Я даже отвернулась от неожиданности и обиды.
- Пошли, - она перешла на таинственный шепот, - я тебе взаправду Кудыкину гору покажу? А?
- Это вон та что ль? – покосилась я недоверчиво.
- Да нет, пошли скорее, увидишь!
И я уже поверила. Я почти бегу. Ведь если по-настоящему на Кудыкину гору… Ее ж никто никогда не видел, а я увижу.
Если по-настоящему на Кудыкину гору, то…
Спотыкаюсь и с разбега проезжаю на коленке. Из раскрытой кухонной форточки слышу грозный бабушкин голос. Еще не поднимая глаз вижу – она привстала у окна на табурет, тяжело дышит, а лицо у нее такое, что… Так и не поднимая головы, поворачиваюсь и хромаю к подъезду.
Ты заливаешь мне йодом ссадину.
- И куда ж ты так спешила?
Я со слезами в горле еле выговариваю:
- На к-кудыкину го-о-ру…
Ты смотришь на меня внимательно. В уголках рта чуть грустит улыбка:
- Ну ничего, Рыжик, в следующий раз обязательно…
Больше сдерживаться не могу и разражаюсь громким ревом.
Мы с тобой живем вдвоем. Бабушка лежит в больнице. И у меня есть свой ключ! А сегодня ты ушел на работу, а я сбежала в кино без спроса.
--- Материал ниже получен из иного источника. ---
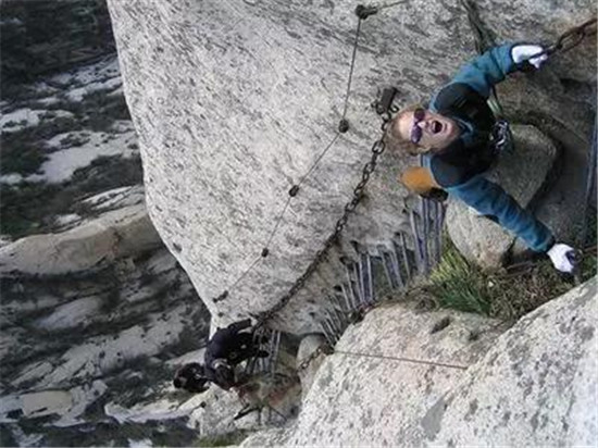 華山道路最危險(xiǎn)的地方當(dāng)屬“長(zhǎng)空棧道”,13英尺長(zhǎng),1英尺寬的木板就修在垂直的懸崖之上。在那里的一個(gè)失足就會(huì)使你墜入下面的萬丈深淵。棧道上有安全帶加以保護(hù),如果你想冒險(xiǎn)嘗試,綁上安全帶并把你系在繩索上,在一些地段,僅有一條安全帶和一些鑿在石頭里的腳窩作為支撐。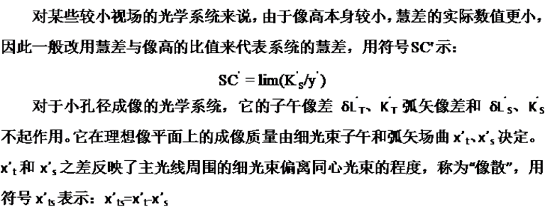 与子午光线对的情形相对应,我们用弧矢光线对的交点离理想像平面的轴向距离表示此光线对与理想像平面的偏离程度,称为弧矢场曲。光线对交点离开主光线的垂直距离表示此光线对交点偏离主光线的程度,称为弧矢慧差。当光线对称地逐渐向主光线靠近,宽度趋于零时,它们的交点趋近于一点,这一点应该位于主光线上,它离开理想像平面的距离称为细光束弧矢场曲。不同宽度弧矢光线对的弧矢场曲和细光束弧矢场曲之差,代表了细光束和宽光束交点前后位置的差,可称为轴外弧矢球差。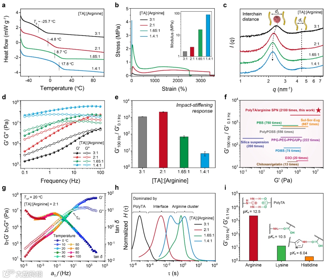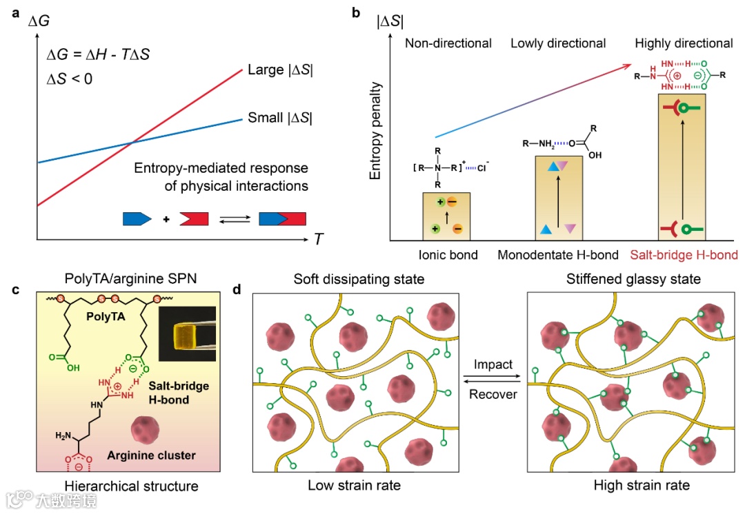 与无方向性(如离子键)或弱方向性(如单齿氢键)的物理相互作用相比,盐桥氢键方向性极高,具有较大的熵罚。基于此,该团队设计了聚硫辛酸和精氨酸复合体系以构筑高熵罚的胍基-羧酸盐桥氢键。由于精氨酸羧基的pKa(~1.8)远小于聚硫辛酸(~4.7),精氨酸倾向于以分子簇的形式分散在聚硫辛酸基体相中。这一微相分离结构大大强化了界面盐桥氢键对材料动力学的控制能力。当受到冲击时,优化比例的超分子聚合物材料从柔软耗散态(G′~ 21 kPa,0.1 Hz)迅速切换至硬化玻璃态(G′~ 45.3 MPa,100 Hz),储能模量提升了约2100倍,超过了绝大多数冲击硬化材料。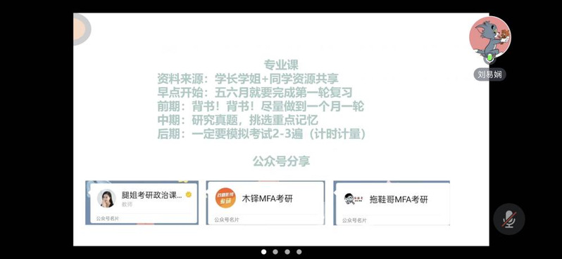 刘易娴分别从备考的时间、地点、资料和教材、课程内容、学习生活、备考期身心健康等几个方面展开经验分享。“好的地方会提高学习效率,答题的效率也是重中之重,要注重答题技巧。同学们一定要坚持,考试时一科没发挥好也一定要坚持考完!黎明之前最黑暗,放弃实在不划算!”娓娓道来的“上岸”经历让同学们备受鼓舞,实用的公众号分享让同学们备受启发。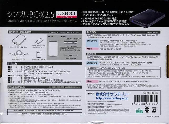 本体は、USB 3.1 Type-C搭載のものを購入しました。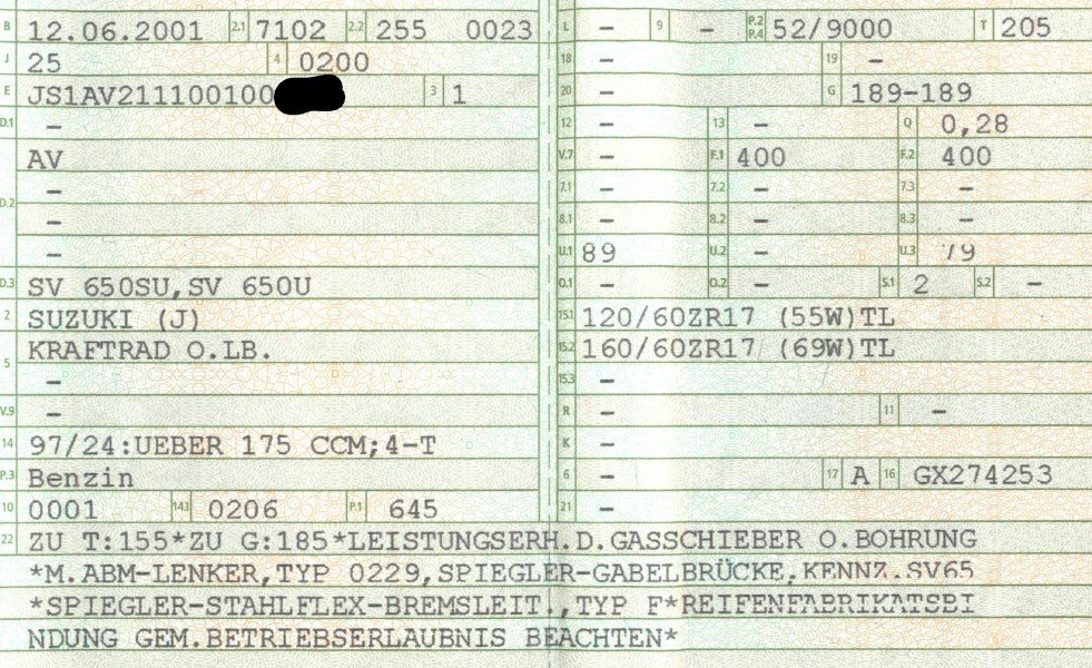 3. Motorräder, die eine Reifentypenbindung eingetragen haben, aber schon den Rechtsvorschriften der EU-Richtlinien 97/24/EG unterliegen (EU-Abgasemissionen im Fahrzeugschein Punkt 1 bzw. Zulassungsbescheinigung Teil 1, Punkt 14) und/oder eine Erstzulassung ab 11/2000 haben, werden genauso behandelt wie EU-Zulassungen (Typengenehmigungen). Eine Reifengrößenänderung hat keinen Einfluss auf eine Reifentypenbindung. :D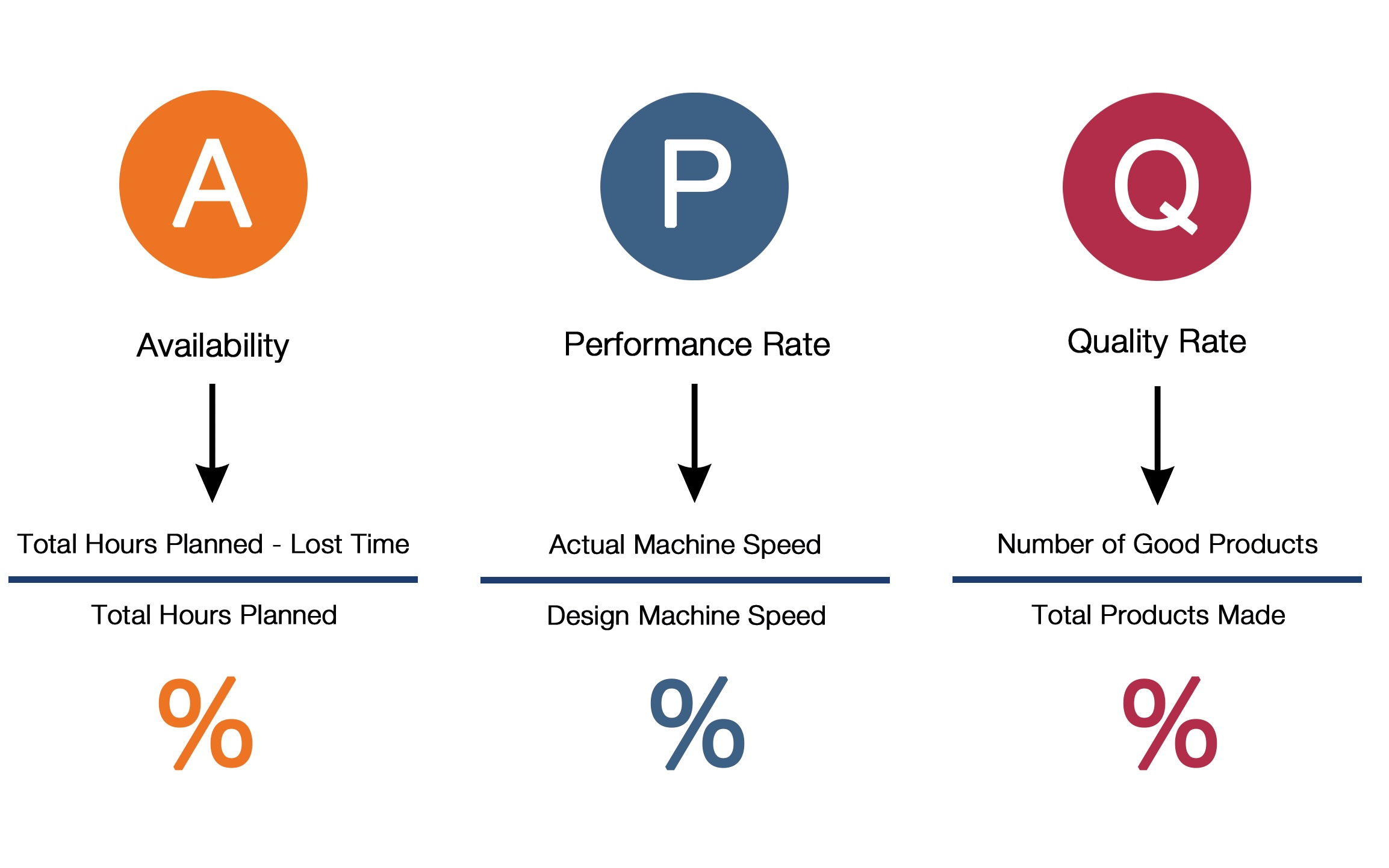OEE được xác định dựa trên ba yếu tố cốt lõi: Tính khả dụng (Availability), Hiệu suất (Performance) và Chất lượng (Quality).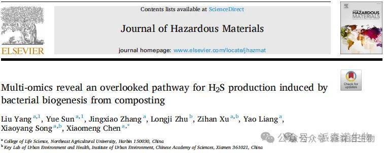 [6]Yang L, Sun Y, Zhang J, Zhu L, Xu Z, Liang Y, Song X, Chen X. Multi-omics reveal an overlooked pathway for H2S production induced by bacterial biogenesis from composting. J Hazard Mater. 2025 Mar 5;485:136827. doi: 10.1016/j.jhazmat.2024.136827. Epub 2024 Dec 9. PMID: 39662346.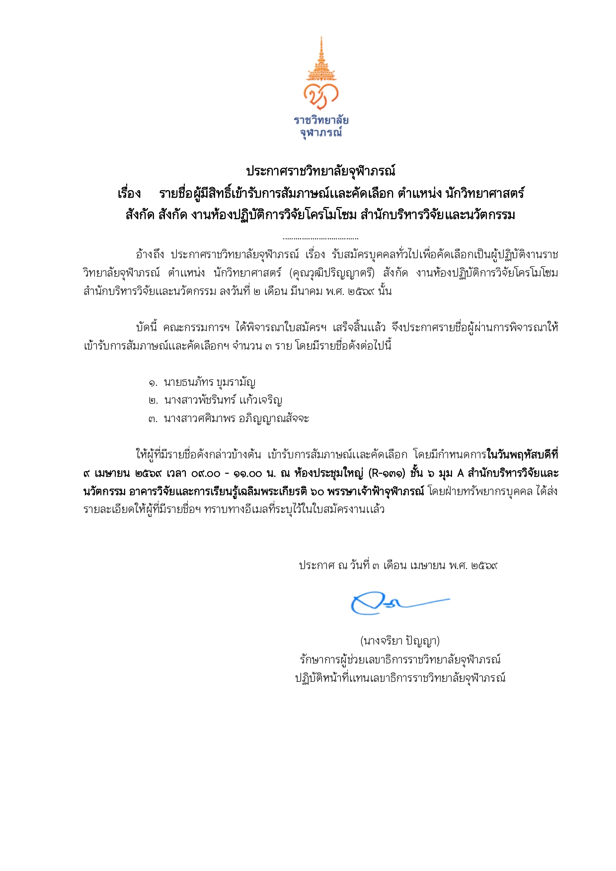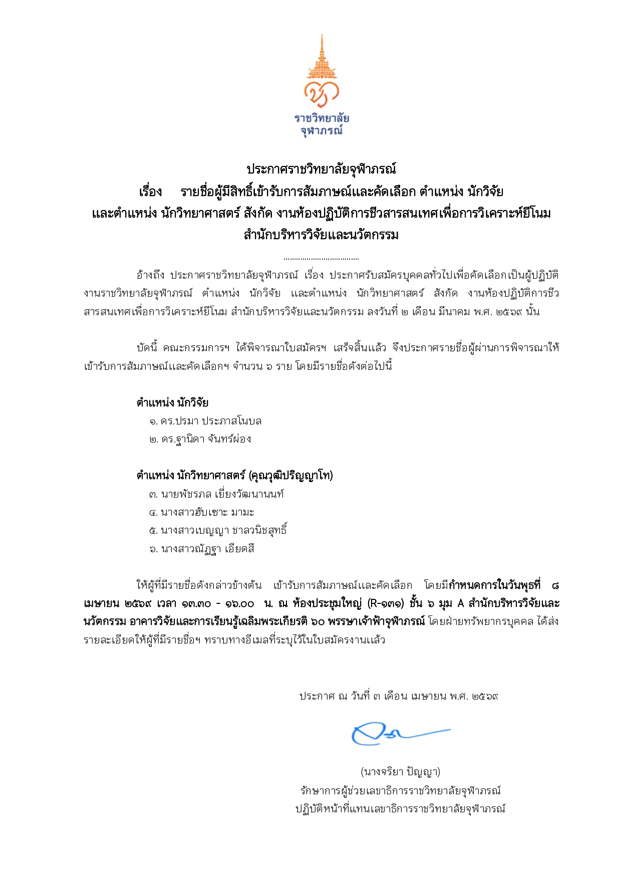 รายชื่อผู้มีสิทธิ์เข้ารับการสัมภาษณ์เเละคัดเลือก ตำแหน่ง นักวิจัย เเละตำแหน่ง นักวิทยาศาสตร์ สังกัด งานห้องปฏิบัติการชีวสารสนเทศเพื่อการวิเคราะห์ยีโนม สำนักบริหารวิจัยและนวัตกรรม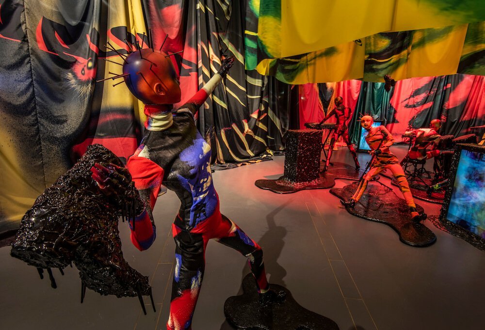 Move over The Hex Girls, there’s a new spooky band in town – and they’re coming for blood. For her first solo exhibition, Fashion East designer Mowalola has transformed the Now Gallery in Greenwich Peninsula into a concert arena that looks as if it has survived the apocalypse. The focal point is a quartet of menacing mannequins. Taking centre stage, they shred guitars, man the keys and play the drums with a ferocious bite – all whilst a groupie stands at the sidelines, ready to chuck a boot into the crowd. The top of their heads spiked, their torsos clad in tie-dye catsuits from the designer’s 2017 graduate collection – it’s like watching the Sex Pistols whilst on Acid.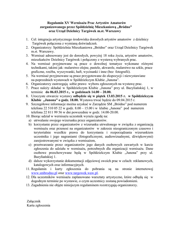 Regulamin XV Wernisażu Prac Artystów Amatorów zorganizowanego przez Spółdzielnię Mieszkaniową „Bródno” oraz Urząd Dzielnicy Targówek m.st. Warszawy 1. Cel: integracja artystycznego środowiska dorosłych artystów amatorów z dzielnicy Targówek połączona z wymianą doświadczeń. 2. Organizatorzy: Spółdzielnia Mieszkaniowa „Bródno” oraz Urząd Dzielnicy Targówek m.st. Warszawy. 3. Wernisaż adresowany jest do dorosłych, powyżej 18 roku życia, artystów amatorów, mieszkańców Dzielnicy Targówek i połączony z wystawą wybranych prac. 4. Na wernisaż przyjmowane są prace o dowolnej tematyce wykonane różnymi technikami, takimi jak: malarstwo olejne, pastele, akwarele, malarstwo na szkle, prace graficzne, rzeźba, wyszywanki, haft, wycinanki i inne (bez fotografii). 5. Na wernisaż przyjmowane są prace przygotowane do ekspozycji i niewystawiane na poprzednich wystawach w Spółdzielczym Klubie „Junona”. 6. Organizatorzy zastrzegają sobie prawo wyboru zgłoszonych na wystawę prac. 7. Prace należy składać w Spółdzielczym Klubie „Junona” przy ul. Bazyliańskiej 1, w terminie do 06.03.2015 r., w godzinach 14.00 – 20.00. 8. Uroczyste otwarcie wystawy odbędzie się w piątek 13.03.2015 r. w Spółdzielczym Klubie „Junona” o godz. 18.00. Wystawa trwać będzie do 09.04.2015 r. 9. Szczegółowe informacje można uzyskać w Zarządzie SM „Bródno” pod numerem telefonu 22 510 05 22 w godz. 8.00 – 15.00 i w klubie „Junona” pod numerem telefonu 22 811 99 56 w dni powszednie w godz. 14.00-20.00. 10. Biorąc udział w wernisażu uczestnik wyraża zgodę na: a) utrwalanie swojego wizerunku przez organizatorów. b) korzystanie przez organizatorów z wizerunku utrwalonego w związku z organizacją wernisażu oraz przenosi na organizatorów w zakresie nieograniczonym czasowo i terytorialnie wszelkie prawa do korzystania i rozporządzania wizerunkiem uczestnika i jego nagraniami (fotograficznymi, audiowizualnymi, dźwiękowymi) zarejestrowanymi w związku z wernisażem, c) przetwarzanie przez organizatorów jego danych osobowych zawartych w karcie zgłoszenia do udziału w wernisażu, potrzebnych dla organizacji wernisażu. Dane osobowe przechowywane będą w Spółdzielczym Klubie „Junona” przy ul. Bazyliańskiej 1. d) dalsze wykorzystanie dokumentacji zdjęciowej swoich prac w celach: reklamowych, katalogowych oraz informacyjnych. 11. Regulamin i karty zgłoszenia do pobrania są na stronie internetowej www.smbrodno.pl oraz www.targowek.waw.pl. 12. Dla uczestników wernisażu zaplanowano warsztaty artystyczne, które odbędą się w dogodnym terminie po wystawie, o czym uczestnicy zostaną powiadomieni. 13. Zagadnienia nie objęte niniejszym regulaminem rozstrzygają organizatorzy. Załącznik Karta zgłoszenia Załącznik KARTA ZGŁOSZENIA DO UDZIAŁU W XV WERNISAŻU PRAC ARTYSTÓW – AMATORÓW ORGANIZOWANYM PRZEZ SPÓŁDZIELNIĘ MIESZKANIOWĄ ”BRÓDNO” I URZĄD DZIELNICY TARGÓWEK m. st. WARSZAWY 1. Imię i nazwisko ............................................................................................................................................. 2. Adres z telefonem ................................................................................................................... ................................................................................................................................................. 3. Charakterystyka złożonych prac (liczba sztuk, technika, wymiary)........................................ ............................................................................................................................................... ................................................................................................................................................ 4. Krótka informacja o autorze (wykonywany zawód, od kiedy zajmuje się sztuką, czy uczestniczył już w wystawach) ........................................................................................ ............................................................................................................................................. ............................................................................................................................................. 5. Wyrażam zgodę na: a) utrwalanie swojego wizerunku przez organizatorów. b) korzystanie przez organizatorów z wizerunku utrwalonego w związku z organizacją wernisażu oraz przenosi na organizatorów w zakresie nieograniczonym czasowo i terytorialnie wszelkie prawa do korzystania i rozporządzania wizerunkiem Uczestnika i jego nagraniami (fotograficznymi, audiowizualnymi, dźwiękowymi) zarejestrowanymi w związku z wernisażem, c) przetwarzanie przez organizatorów jego danych osobowych zawartych w karcie zgłoszenia do udziału w wernisażu, potrzebnych dla organizacji XV Wernisażu Prac Artystów Amatorów. Dane osobowe przechowywane będą w Osiedlowym Klubie „Junona”, przy ul. Bazyliańskiej 1. d) dalsze wykorzystanie dokumentacji zdjęciowej swoich prac w celach: reklamowych, katalogowych oraz informacyjnych. 6. Oświadczam, że zapoznałem/łam się z regulaminem XV Wernisażu Prac Artystów Amatorów. 7. Zgłaszam chęć uczestnictwa w warsztatach artystycznych: TAK, NIE* (*niepotrzebne skreślić) Warszawa, dnia ……………………….. ……………………………………………………………..... własnoręczny podpis pokwitowanie przyjęcia prac na wystawę ……………………………………………………….. data, imię i nazwisko przyjmującego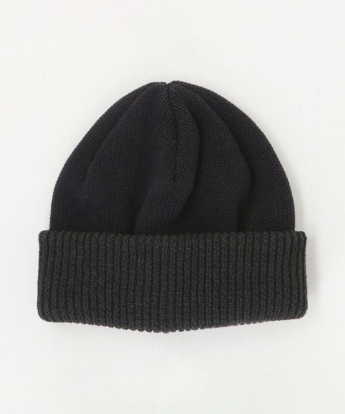 さりげないツートンの配色がアクセントのコットンニット帽。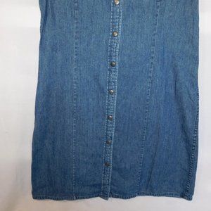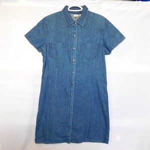 LL Bean Womens 14 Snap Front Blue Denim short sleeve Midi Dress

Ты думал, что я дома, а я давилась мороженым и представляла, что будет, если ты придешь, а меня не будет. Потом прибежала, запыхавшись, открыла дверь своим ключом и стала ждать тебя. Ты пришел скоро.
- Ну-с, что поделывали, барышня?
Я смотрю на тебя широко распахнутыми честными глазами. Даже языку щекотно от моей тайны…

Я тебя ненавижу! Твои гадкие рыжие волосы на руках, твои веснушки, твой арбуз-живот, твои широченные зеленые штаны…
Я прямо задыхаюсь от тебя.
- Ходячий желудок! – шиплю я непонятные, неизвестно где услышанные слова и чувствую злое облегчение…
Проходит полчаса. Я тихонько подхожу и, обняв тебя, замираю. Ты гладишь меня по голове.
- Прости, пожалуйста, - давлюсь я своим противно-непослушным голосом. И знаю, что ты меня уже простил…
Тебе ничего не надо объяснять.

Ты умираешь. На кровати лежит твое неожиданно удлинившееся, исхудевшее тело. Меня позвали к тебе. Посадили у твоего изголовья на табурет. Ты говоришь что-то быстро и невнятно, будто снова бредишь после морфия.
Я ничего не разбираю, мне страшно, и я прячу глаза.
А ты гладишь мою руку костлявыми пальцами и говоришь что-то быстро и невнятно – не разобрать. И очень хочется, чтобы ты отпустил мою руку и перестал говорить…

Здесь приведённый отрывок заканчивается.